Task brief
Reproduce the listing in full, pictures excluded.

==== Data ====

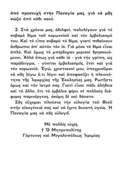 2. Στά χρόνια μας, ἀδελφοί, πολυλέγουν γιά τό σοβαρό θέμα τοῦ κορωνοϊοῦ καί τόν ἐμβολιασμό του. Καί τό εἶπα σοβαρό τό θέμα, γιατί πεθαίνουν ἄνθρωποι ἀπ᾽ αὐτόν τόν ἰό. Γιά μένα τό θέμα εἶναι ἁπλό. Καί ὅμως τό μπέρδεψαν μερικοί θρησκευόμενοι. Ἀλλά ὅπως γιά κάθε ἰό – γιά τήν γρίπη, ὡς παράδειγμα, – γίνεται ἐμβολιασμός, ἔτσι καί γιά τόν κορωνοϊό. Ἐγώ, χριστιανοί μου, ὑποχρεοῦμαι νά σᾶς λέγω ὅ,τι λέγει καί ἀποφασίζει ἡ πλειονότητα τῆς Ἱεραρχίας τῆς Ἐκκλησίας μας. Ρωτῆστε ὅμως καί τόν ἰατρό σας. Γιατί εἶναι πάλι ἀλήθεια καί τό ἄλλο, ὅτι τό ἐμβόλιο φέρει σέ πολλούς διάφορες παρενέργειες, ἀκόμη δέ καί θάνατο.
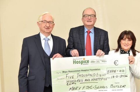 Seamus Butler, and Mary Foye making a presentation of a cheque for €5,895 to Mike Smith, director - Mayo Roscommon Hospice Foundation, following a fundraiser for the Sunflower Children’s Hospice at the Four Provinces, Rathallen, Boyle. Pic: Enda Regan
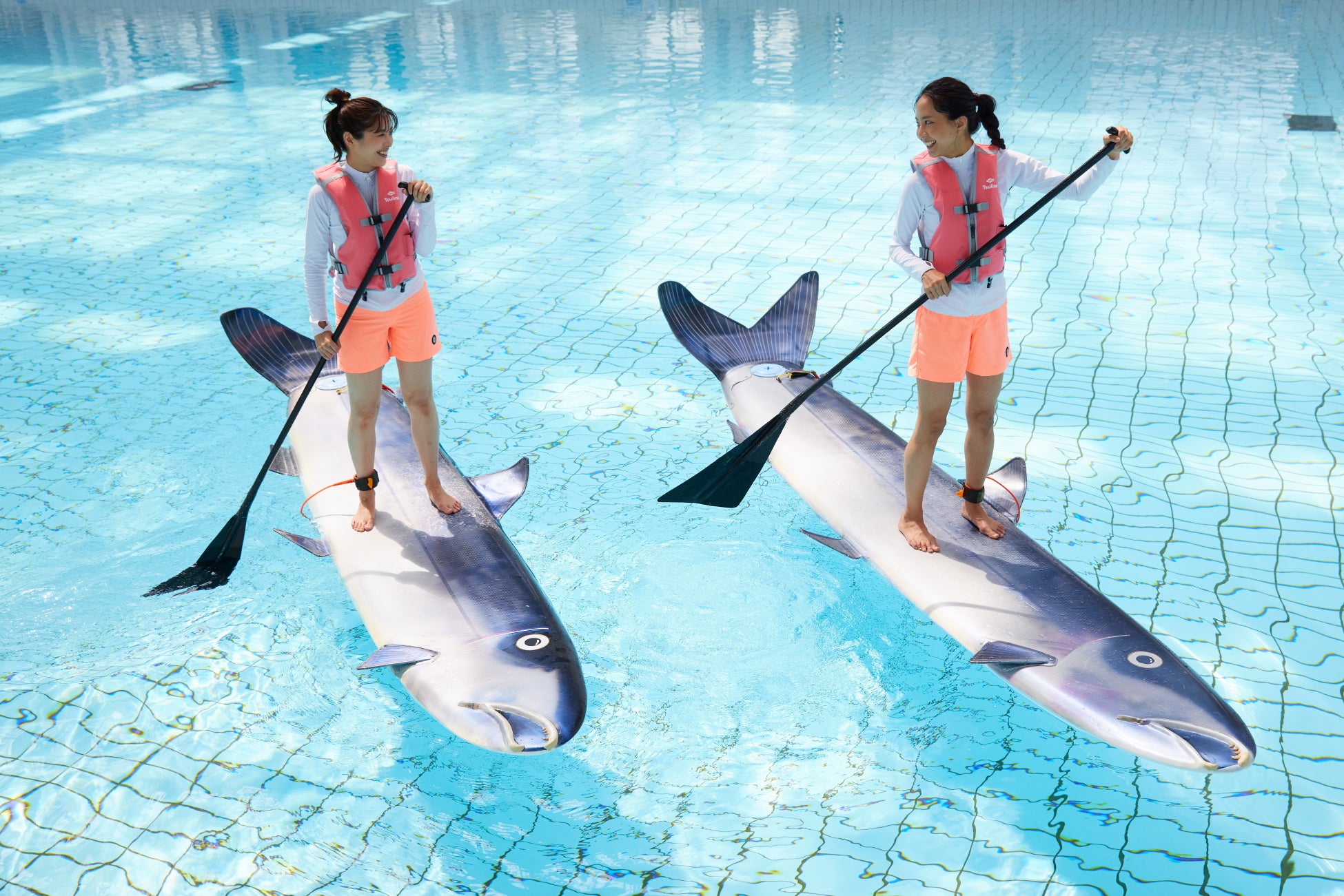当プランで宿泊できるのは、鮭の切り身や鮭の姿がデザインされた家具やファブリックで設えた鮭ルームです。ベッドルームは、川を泳ぐ鮭を表現した空間で、ベッドフレームには、川で鮭を狙う親子のクマが描かれています。鮭をモチーフにしたナイトキャップと、パジャマを着ると、鮭になった気分を味わえます。客室の展望ジェットバスで楽しめるのは、いくら丼をイメージしたお風呂です。入浴剤でご飯のような見た目になったお風呂に、いくらをイメージしたボールを加えると「いくら丼風呂」の完成です。また、滞在中には鮭が川を遡上しているかのような体験ができます。施設内のインドアウエーブプール「ミナミナビーチ」で鮭がデザインされたSUP(*2)に乗って水上を進むアクティビティです。鮭になりきって楽しめます。

====

Answer to this exercise
 2. Στά χρόνια μας, ἀδελφοί, πολυλέγουν γιά τό σοβαρό θέμα τοῦ κορωνοϊοῦ καί τόν ἐμβολιασμό του. Καί τό εἶπα σοβαρό τό θέμα, γιατί πεθαίνουν ἄνθρωποι ἀπ᾽ αὐτόν τόν ἰό. Γιά μένα τό θέμα εἶναι ἁπλό. Καί ὅμως τό μπέρδεψαν μερικοί θρησκευόμενοι. Ἀλλά ὅπως γιά κάθε ἰό – γιά τήν γρίπη, ὡς παράδειγμα, – γίνεται ἐμβολιασμός, ἔτσι καί γιά τόν κορωνοϊό. Ἐγώ, χριστιανοί μου, ὑποχρεοῦμαι νά σᾶς λέγω ὅ,τι λέγει καί ἀποφασίζει ἡ πλειονότητα τῆς Ἱεραρχίας τῆς Ἐκκλησίας μας. Ρωτῆστε ὅμως καί τόν ἰατρό σας. Γιατί εἶναι πάλι ἀλήθεια καί τό ἄλλο, ὅτι τό ἐμβόλιο φέρει σέ πολλούς διάφορες παρενέργειες, ἀκόμη δέ καί θάνατο.
 Seamus Butler, and Mary Foye making a presentation of a cheque for €5,895 to Mike Smith, director - Mayo Roscommon Hospice Foundation, following a fundraiser for the Sunflower Children’s Hospice at the Four Provinces, Rathallen, Boyle. Pic: Enda Regan
当プランで宿泊できるのは、鮭の切り身や鮭の姿がデザインされた家具やファブリックで設えた鮭ルームです。ベッドルームは、川を泳ぐ鮭を表現した空間で、ベッドフレームには、川で鮭を狙う親子のクマが描かれています。鮭をモチーフにしたナイトキャップと、パジャマを着ると、鮭になった気分を味わえます。客室の展望ジェットバスで楽しめるのは、いくら丼をイメージしたお風呂です。入浴剤でご飯のような見た目になったお風呂に、いくらをイメージしたボールを加えると「いくら丼風呂」の完成です。また、滞在中には鮭が川を遡上しているかのような体験ができます。施設内のインドアウエーブプール「ミナミナビーチ」で鮭がデザインされたSUP(*2)に乗って水上を進むアクティビティです。鮭になりきって楽しめます。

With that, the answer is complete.